The symptoms of the outbreak are familiar enough. Suffice it to cite the core diagnosis: “The free exchange of information and ideas, the lifeblood of a liberal society, is daily becoming more constricted,” the Letter intones. It lists “intolerance of opposing views,” “public shaming,” and the bane of “blinding moral certainty.” Daily, the reputations and careers of writers, teachers, editors, and CEOs are being destroyed.
“It Can’t Happen Here,” Sinclair Lewis assured us in his semi-satirical novel of 1935. And the fascist “Plot Against America,” as laid out in the eponymous book by Philip Roth, did fail in the end.
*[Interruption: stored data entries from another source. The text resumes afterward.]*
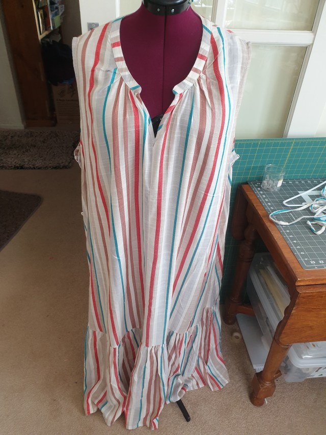 The fabric is too stiff and the style is too shapeless for me, but there’s plenty of opportunity for refashioning! I began by washing and drying the dress a few times to change the fabric’s hand – it’s softer now but still crisp enough for a jacket.
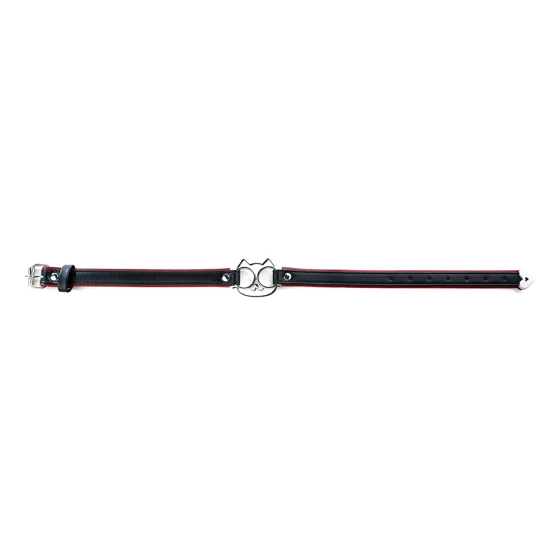 Wykonana z ekoskóry PU oraz metalu, obroża łączy w sobie trwałość z nowoczesnym designem. Jej delikatna struktura sprawia, że jest miła w dotyku, a jednocześnie łatwa w utrzymaniu czystości. Metalowy motyw kociej twarzy przyciąga wzrok i dodaje obroży niepowtarzalnego charakteru, idealnie wpisując się w estetykę fetyszy i mody alternatywnej.
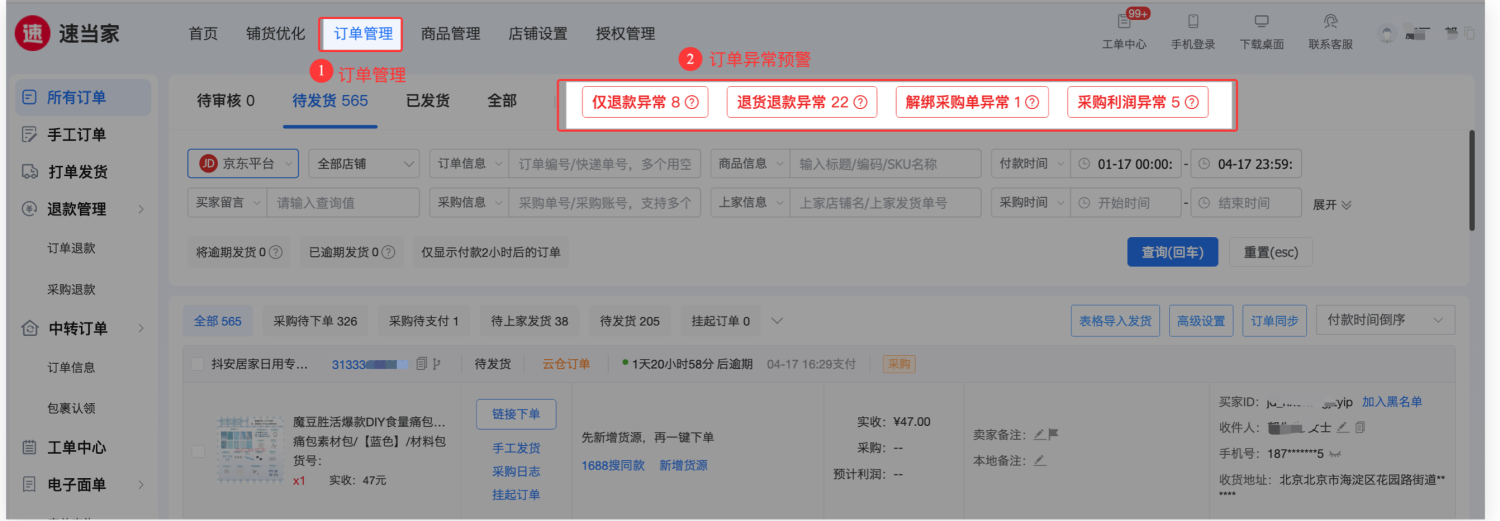 异常订单预警:是针对有可能产生亏损风险的订单,系统进行高亮显示,提醒商家尽快处理订单,减少亏损!

Yet from today’s vantage point, these two greats were off the mark while dwelling on the depredations of the 20th century.
In today’s liberal-democratic West, the agent of repression is not the almighty state as embodied in Metternich’s secret police, the Soviet NKVD, or the German Gestapo. The better guide for the perplexed is the cartoon character Pogo (1948-75) who famously reported to his forest friends: “We have met the enemy, and he is us.”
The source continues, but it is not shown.